By Tom Philpott: CNJ columnist
Military members will get a 3.9 percent pay raise in January. But the fiscal 2009 defense authorization approved by Congress on Saturday does not include a House-passed plan to set military pay raises through 2013 a half percentage point higher than private sector wage growth.
The new defense bill will protect working-age military retirees from a final try by the Bush administration to raise TRICARE fees, deductibles and drug co-payments. Instead, beneficiaries of every age will see new enticements to stay healthy through no-fee check-ups, age-appropriate disease screening, smoking cessation help and other “wellness” programs.
And, for a fourth straight year, the full Congress will not adopt a Senate-passed plan to restore full Survivor Benefit Plan (SBP) payments to 55,000 widows who see them reduced, dollar for dollar, by Dependency and Indemnity Compensation (DIC) from the Department of Veterans Affairs.
Congressional leaders, dealing with a financial crisis and re-election campaigns, had shelved a traditional method of negotiating differences between House and Senate versions of the bill.
In years past, chairmen and ranking members of the armed services committees nominated lawmakers to serve on a conference committee, which then ironed out any House-Senate disparities to shape a final compromise. Conferee appointments were made by unanimous consent.
This year, fiscal conservative Senate Republicans, frustrated in their attempt to remove defense bill earmarks, opposed the consent agreement and blocked formation of a conference committee.
So bill managers decided on another course. House leaders took the Senate-passed bill (S 3001) and added provisions unique to the House bill. Items that stayed in or got tossed had been worked out informally between the armed services committees.
Here are some personnel-related highlights in the bill:
PAY RAISE — The 3.9 percent increase for active duty members, reserve component personnel and academy cadets will be the 10th consecutive raise to exceed private sector wage growth by 0.5 percent.

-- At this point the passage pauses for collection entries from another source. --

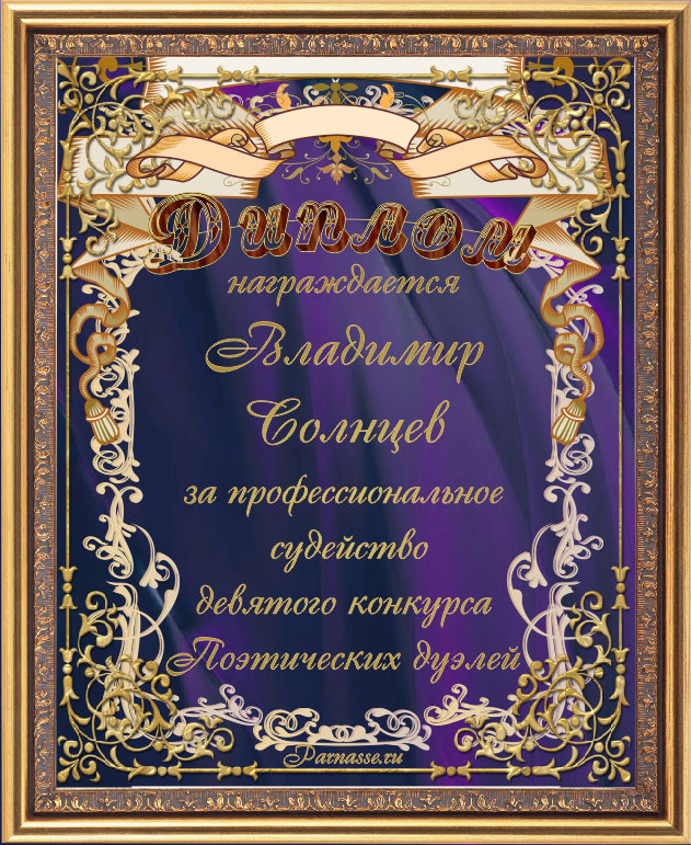 ДИПЛОМ ЗА ПРОФЕССИОНАЛЬНОЕ СУДЕЙСТВО В ДЕВЯТОМ КОНКУРСЕ ПОЭТИЧЕСКИХ ДУЭЛЕЙ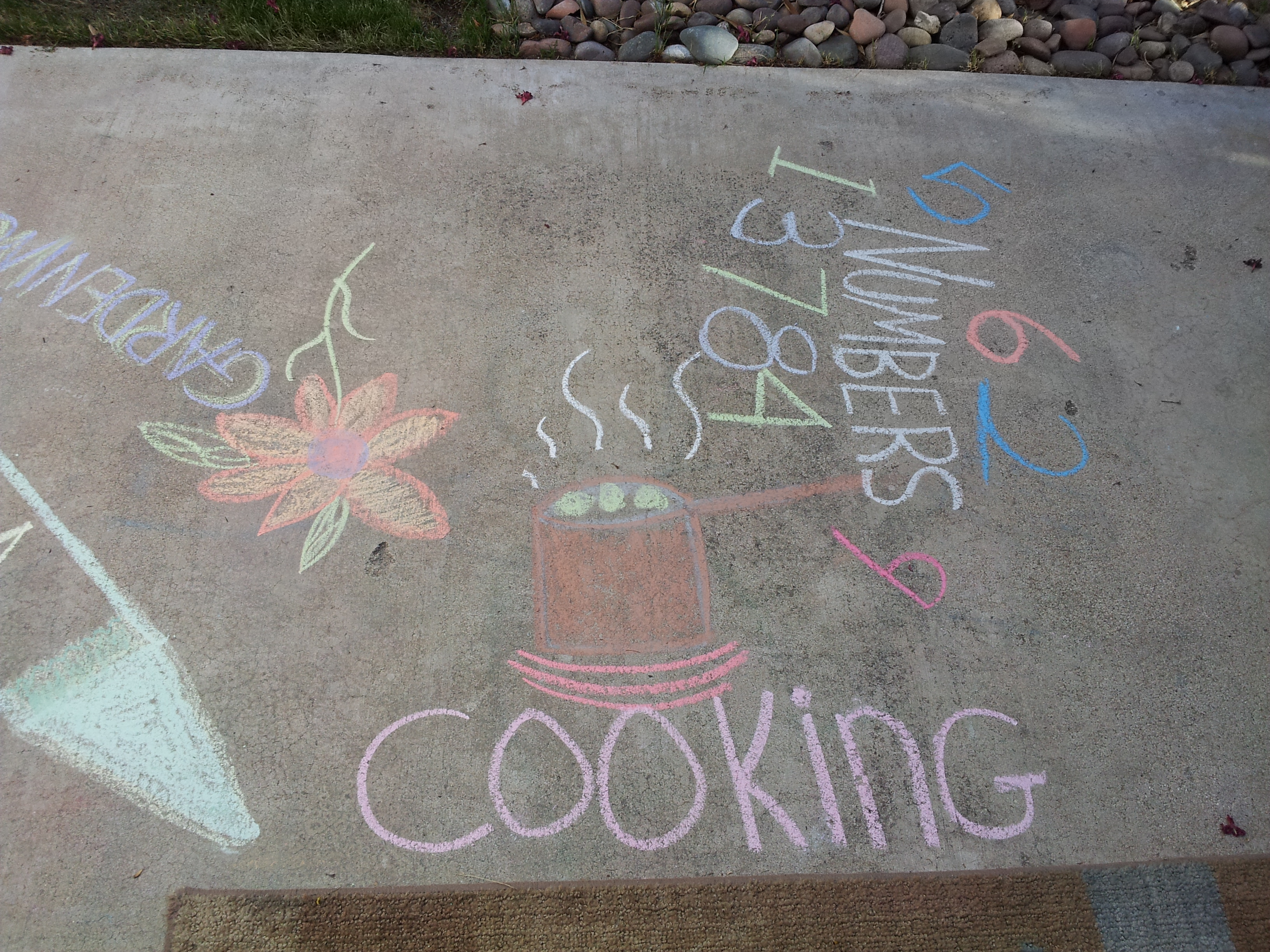 I announce the annual Camp NANA in chalk on the back patio. Max is impressed. Max is so impressed that shortly after he sees it, I hear the unmistakable sound of hose water and see that he has entirely washed my promo away. Fame is so fleeting.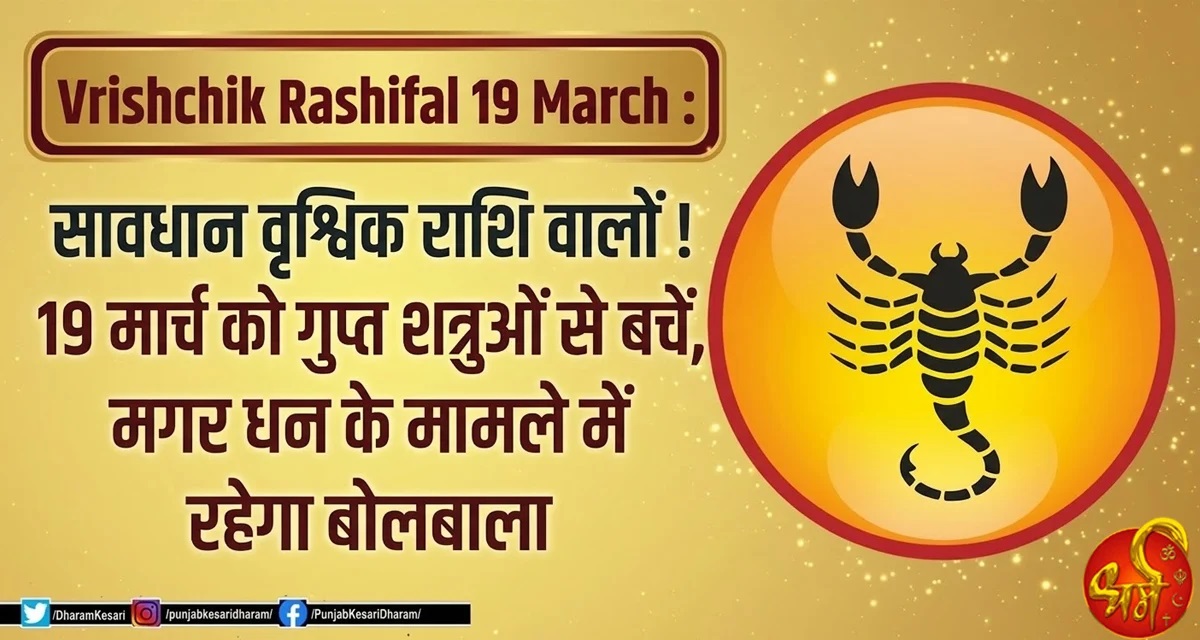 Vrishchik Rashifal 19 March : सावधान वृश्चिक राशि वालों ! 19 मार्च को गुप्त शत्रुओं से बचें, मगर धन के मामले में रहेगा बोलबाला

FORCE STRENGTH — Army’s active force will climb by 7,000 soldiers to reach 534,200 a year from now. The Marine Corps will gain 5,000 to reach 194,000. Air Force strength will fall by 12,513 to hit 317,050. The Navy will shed 2,775 sailors to slide down to 326,323.
PREVENTIVE CARE — The bill embraces a four-part House plan for lowering TRICARE costs by encouraging health screens and healthier lives:
CHIROPRACTIC HEALTH — Chiropractic services will be provided to deployed services members under a demonstration program. Also, by Sept. 30, 2009, chiropractic services will be offered to active duty members at 11 additional military treatment facilities where there is none now.
TRICARE RESERVE SELECT — Premiums paid by drilling reservists and families for TRS coverage will be lowered in 2009 to match actual program costs. Premiums for member-only coverage should fall to about $47 a month from $81. Family coverage premiums should fall from $253 down to $175.
LODGING EXPENSE — Military travelers will see maximum temporary lodging expense (TLE) reimbursements raised to $290 per day from $180.
SPOUSE EMPLOYMENT — The Defense Department will be authorized to pay tuition assistance to spouses of active duty service members for education and training programs that expand their job opportunities.